## Task statement
Restate, word for word and with no pictures, the stretch of lines in the data below that begins at the line with "This beautiful East" and ends at the line with "1040 Tanzanite and", inclusive.

## Data shown
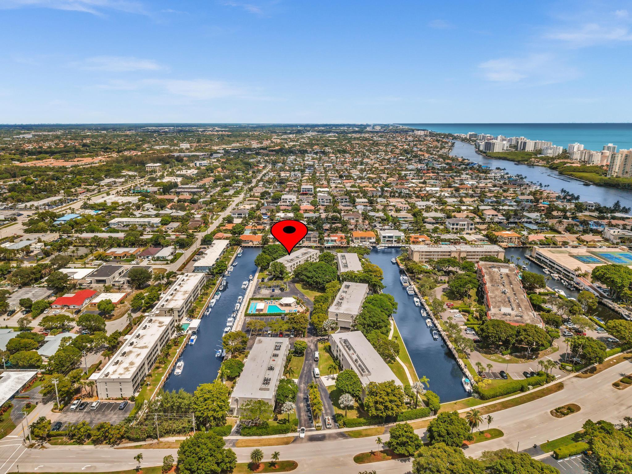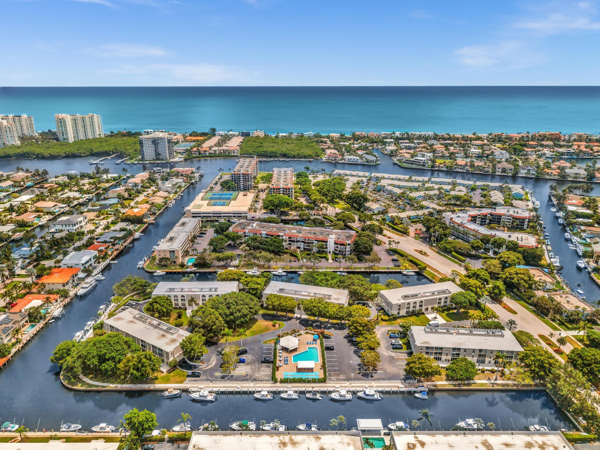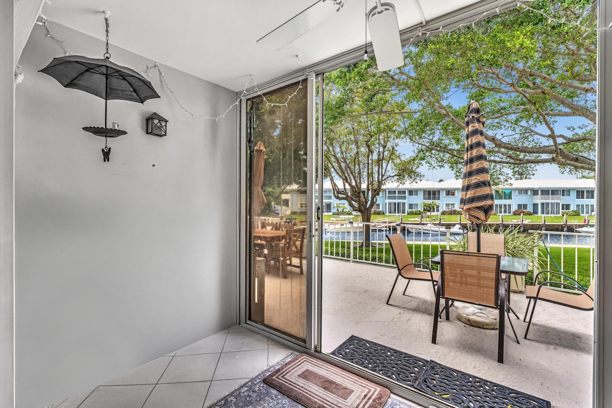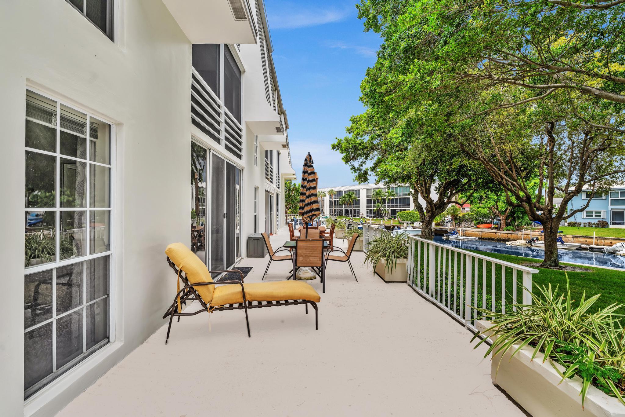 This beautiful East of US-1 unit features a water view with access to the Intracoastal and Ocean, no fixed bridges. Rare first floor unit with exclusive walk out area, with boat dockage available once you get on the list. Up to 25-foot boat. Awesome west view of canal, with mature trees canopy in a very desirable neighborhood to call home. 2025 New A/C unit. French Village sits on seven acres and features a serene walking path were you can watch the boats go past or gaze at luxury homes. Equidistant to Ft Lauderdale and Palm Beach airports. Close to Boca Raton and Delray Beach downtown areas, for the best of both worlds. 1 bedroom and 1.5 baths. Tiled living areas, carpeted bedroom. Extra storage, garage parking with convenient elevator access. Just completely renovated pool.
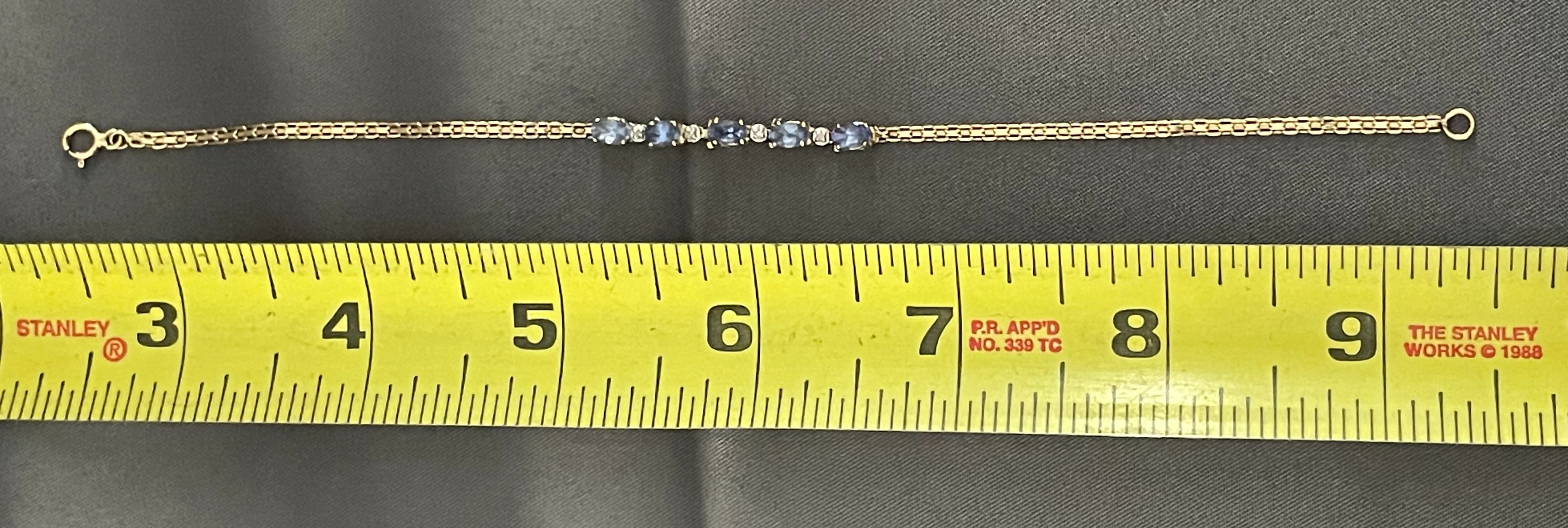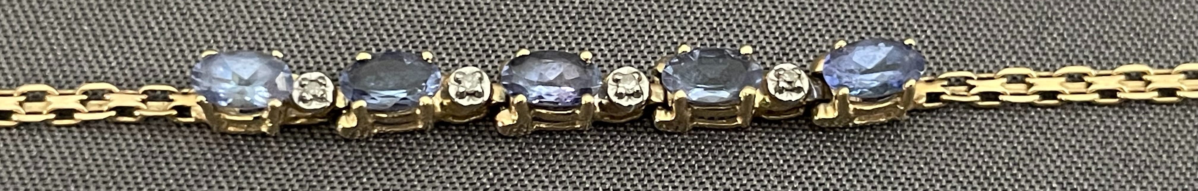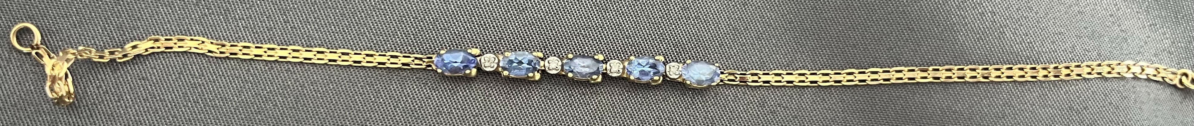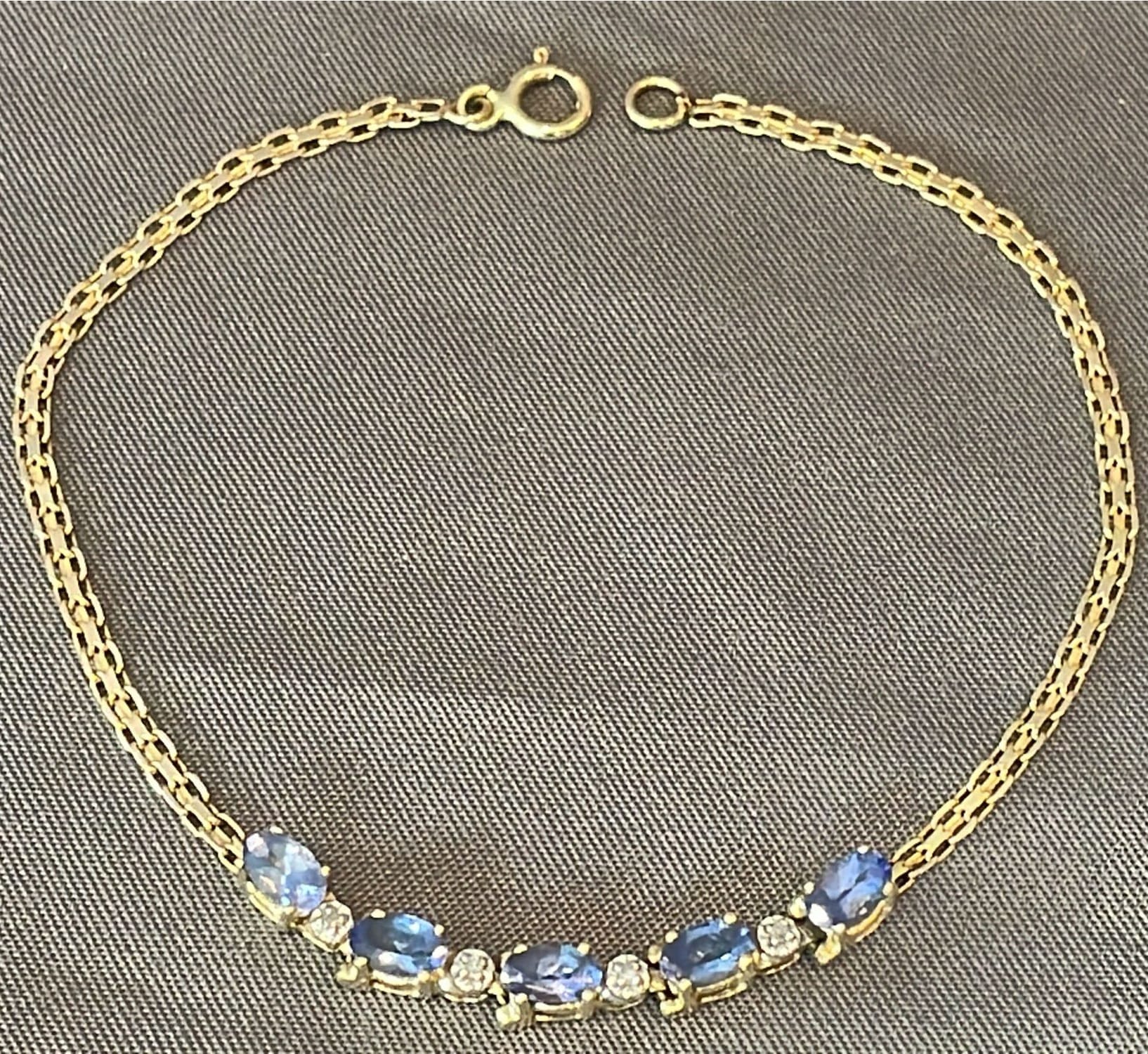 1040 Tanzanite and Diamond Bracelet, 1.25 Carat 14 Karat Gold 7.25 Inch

* * *

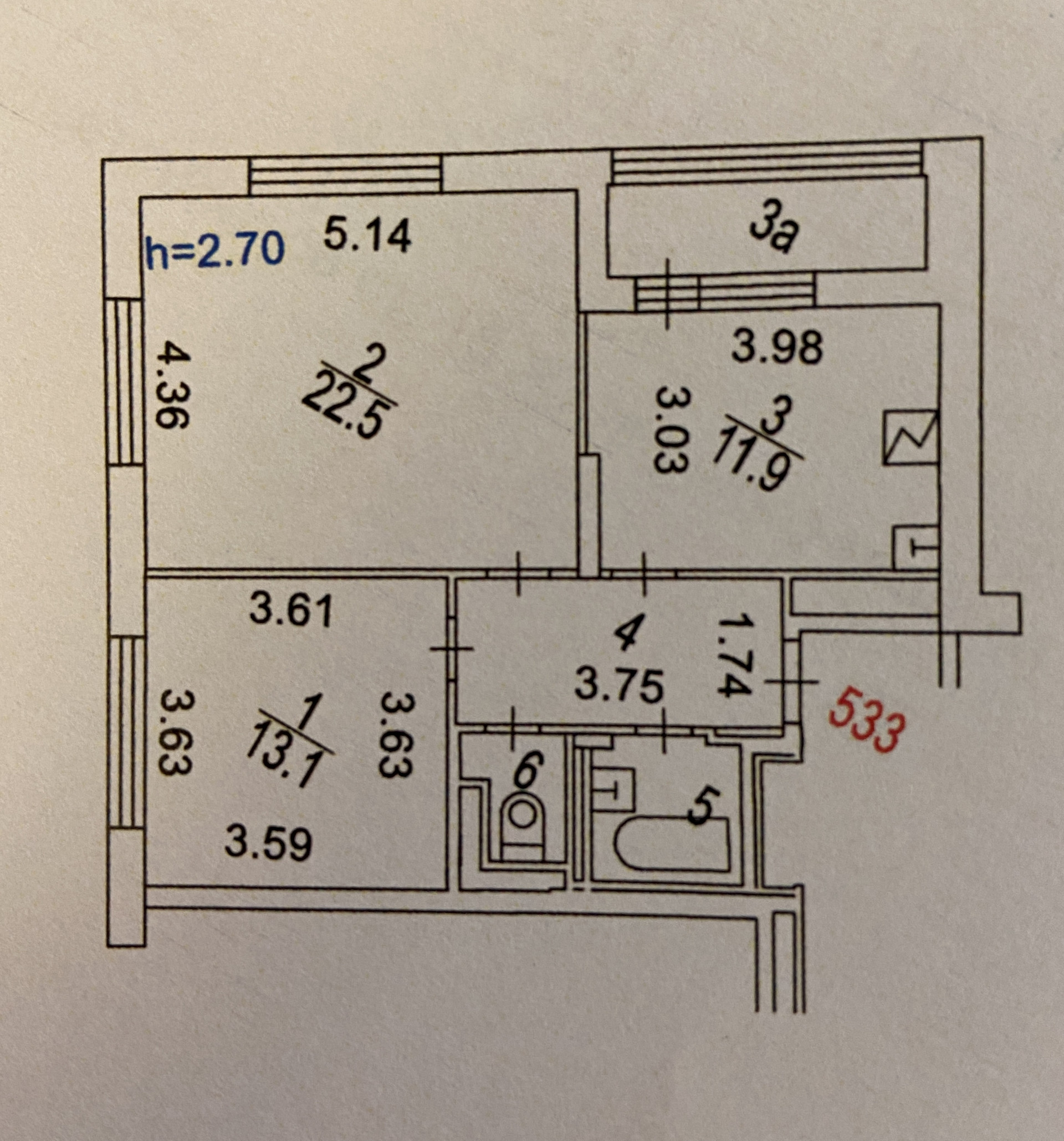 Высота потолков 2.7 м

## Answer to the problem
 This beautiful East of US-1 unit features a water view with access to the Intracoastal and Ocean, no fixed bridges. Rare first floor unit with exclusive walk out area, with boat dockage available once you get on the list. Up to 25-foot boat. Awesome west view of canal, with mature trees canopy in a very desirable neighborhood to call home. 2025 New A/C unit. French Village sits on seven acres and features a serene walking path were you can watch the boats go past or gaze at luxury homes. Equidistant to Ft Lauderdale and Palm Beach airports. Close to Boca Raton and Delray Beach downtown areas, for the best of both worlds. 1 bedroom and 1.5 baths. Tiled living areas, carpeted bedroom. Extra storage, garage parking with convenient elevator access. Just completely renovated pool.
 1040 Tanzanite and Diamond Bracelet, 1.25 Carat 14 Karat Gold 7.25 Inch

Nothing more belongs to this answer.